Leave out any pictures and transcribe all other data below exactly.

____ Collected material

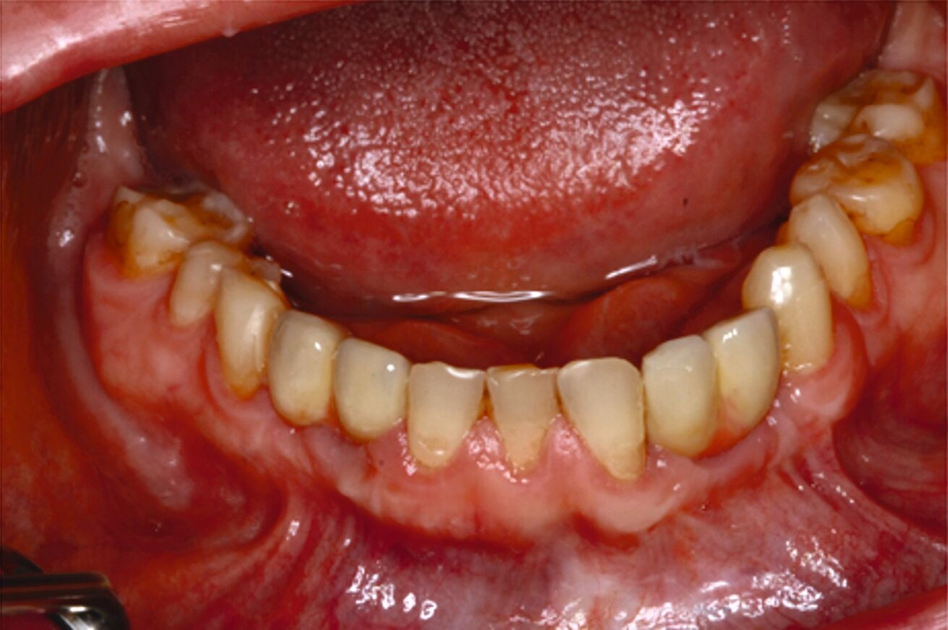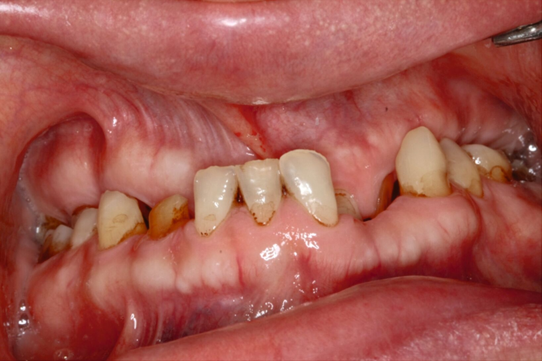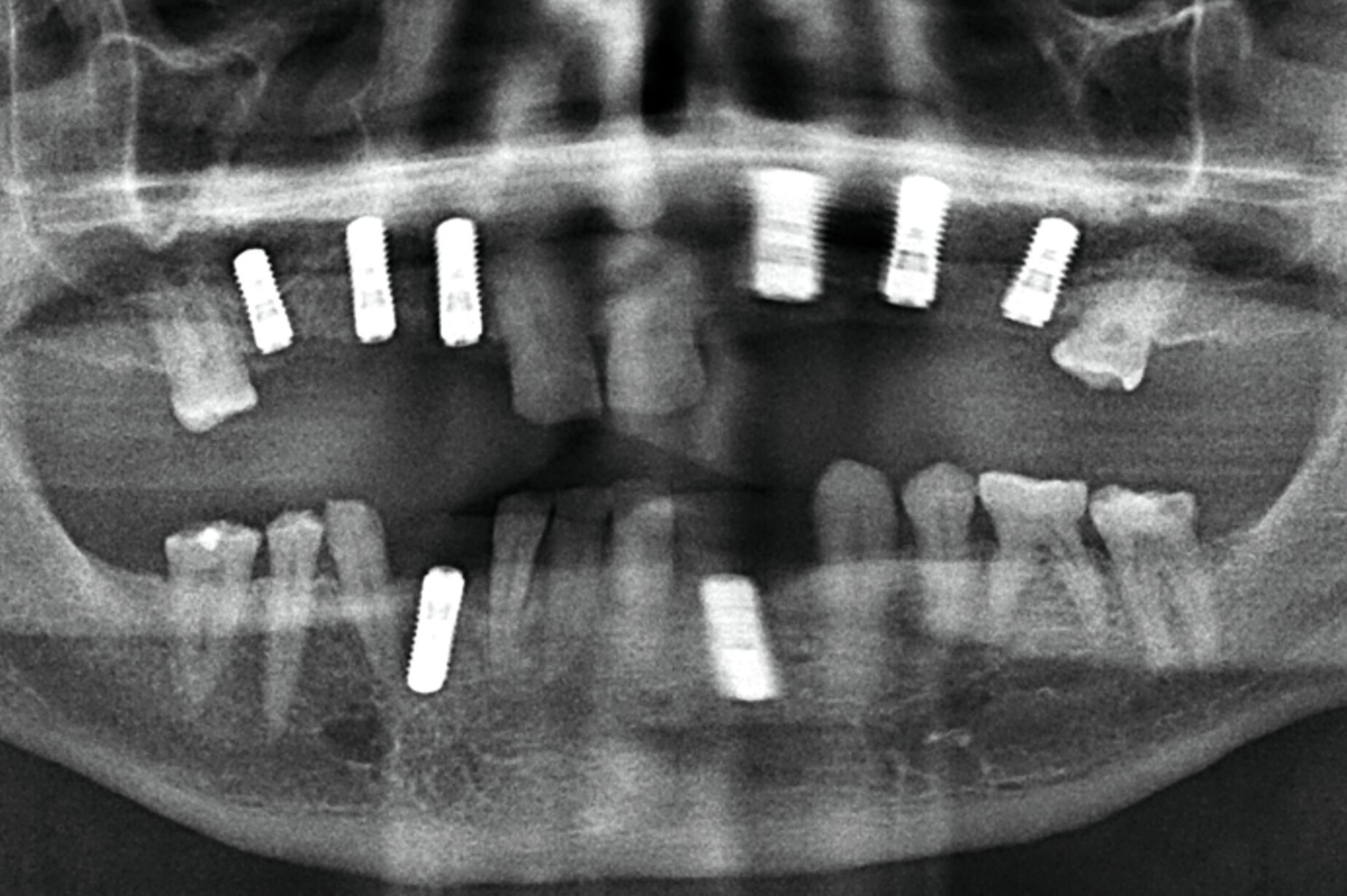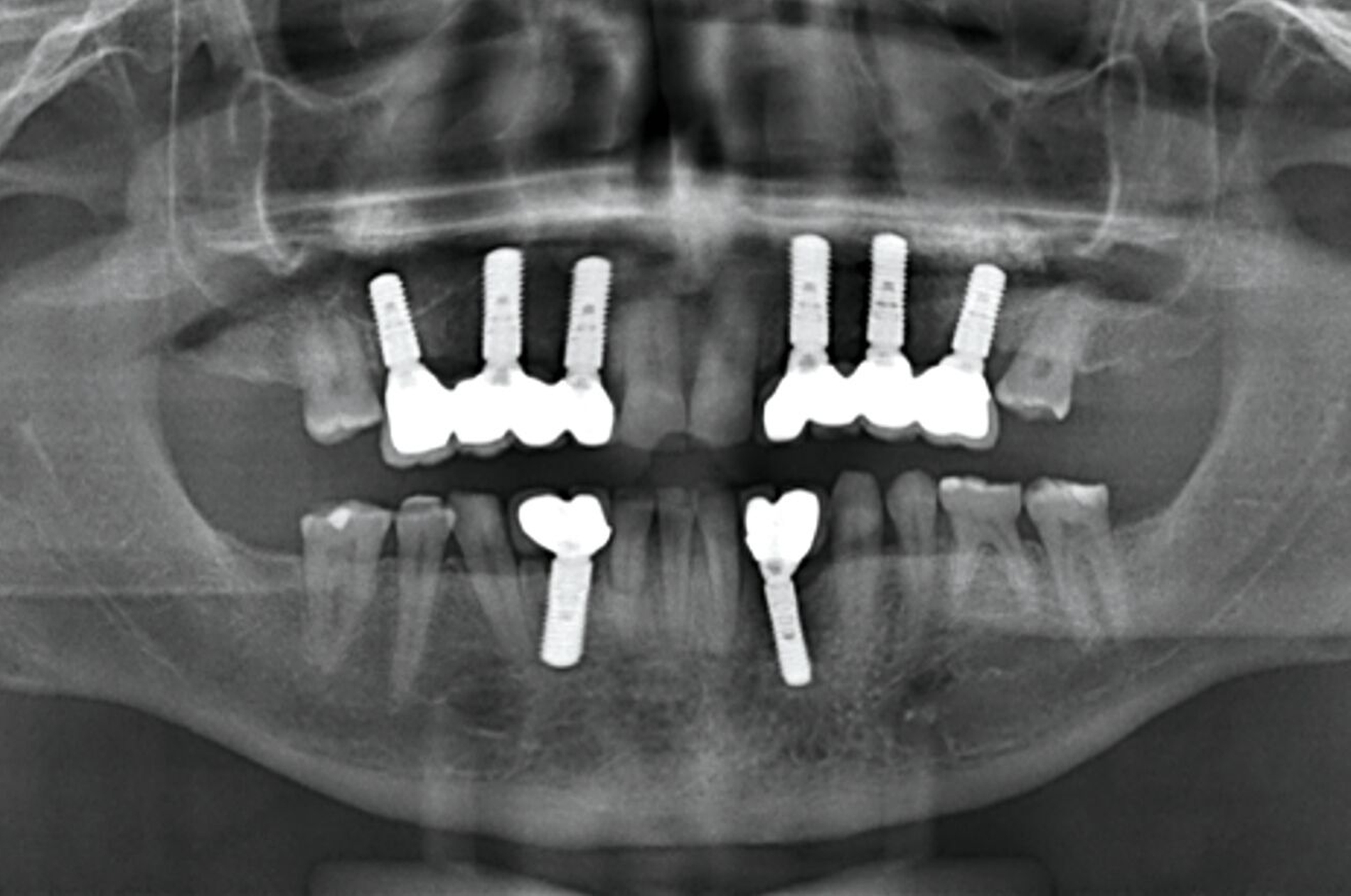 Über Abutmenteinproben, Korrekturen der angestrebten Bisslage sowie Gerüst- und Rohbrandeinproben erfolgte die definitive Eingliederung der festsitzenden Versorgung auf den natürlichen Zähnen und den Implantaten. Zehn Monate nach Beginn des mehrzeitigen operativen Vorgehens konnte die komplexe interdisziplinäre Versorgung des Patienten der äußerst ungünstigen Zahn- und Bisssituation nahezu abgeschlossen und zur Zufriedenheit des Patienten finalisiert werden (Abbildung 10).
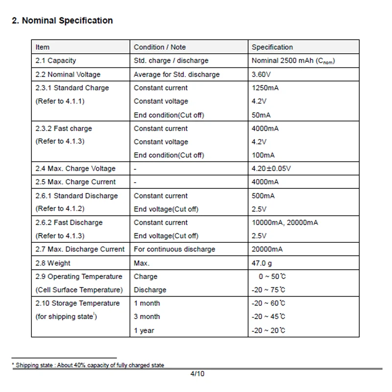 1. Модель: 18650HE22. Номинальное напряжение 3.7В3. Номинальная емкость 2500mah4. Разрядное отключение напряжения 2.5В5. Макс. Непрерывный 1.5a6. Разрядка currenent20a7.Diameter18.0 ± 0,2 мм8. Длина: 65,0 ± 0,2 мм9. Верх: плоский10. Вес ячейки (прибл.):47 г Макс.
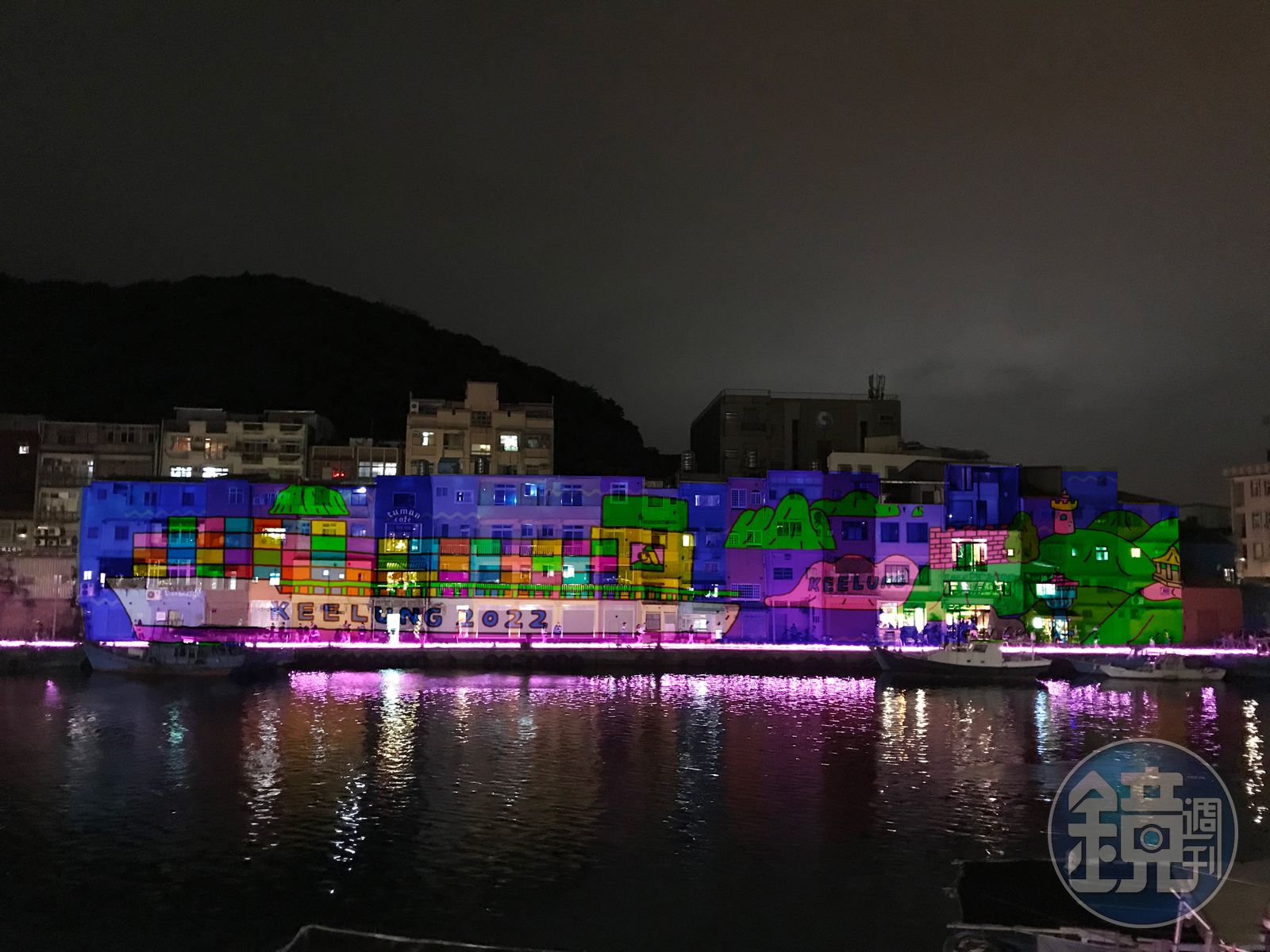 首先登場的《海派浪漫光雕秀》以正濱漁港色彩屋為布幕,3分鐘的投影光雕秀中,燈光沿著屋簷打亮,展現大船入港、鯨魚緩緩游過、貓咪搖動尾巴賣萌等光影畫面,為基隆夜晚增添童趣氣息。

________

* _Result of the task_
 Über Abutmenteinproben, Korrekturen der angestrebten Bisslage sowie Gerüst- und Rohbrandeinproben erfolgte die definitive Eingliederung der festsitzenden Versorgung auf den natürlichen Zähnen und den Implantaten. Zehn Monate nach Beginn des mehrzeitigen operativen Vorgehens konnte die komplexe interdisziplinäre Versorgung des Patienten der äußerst ungünstigen Zahn- und Bisssituation nahezu abgeschlossen und zur Zufriedenheit des Patienten finalisiert werden (Abbildung 10).
 1. Модель: 18650HE22. Номинальное напряжение 3.7В3. Номинальная емкость 2500mah4. Разрядное отключение напряжения 2.5В5. Макс. Непрерывный 1.5a6. Разрядка currenent20a7.Diameter18.0 ± 0,2 мм8. Длина: 65,0 ± 0,2 мм9. Верх: плоский10. Вес ячейки (прибл.):47 г Макс.
 首先登場的《海派浪漫光雕秀》以正濱漁港色彩屋為布幕,3分鐘的投影光雕秀中,燈光沿著屋簷打亮,展現大船入港、鯨魚緩緩游過、貓咪搖動尾巴賣萌等光影畫面,為基隆夜晚增添童趣氣息。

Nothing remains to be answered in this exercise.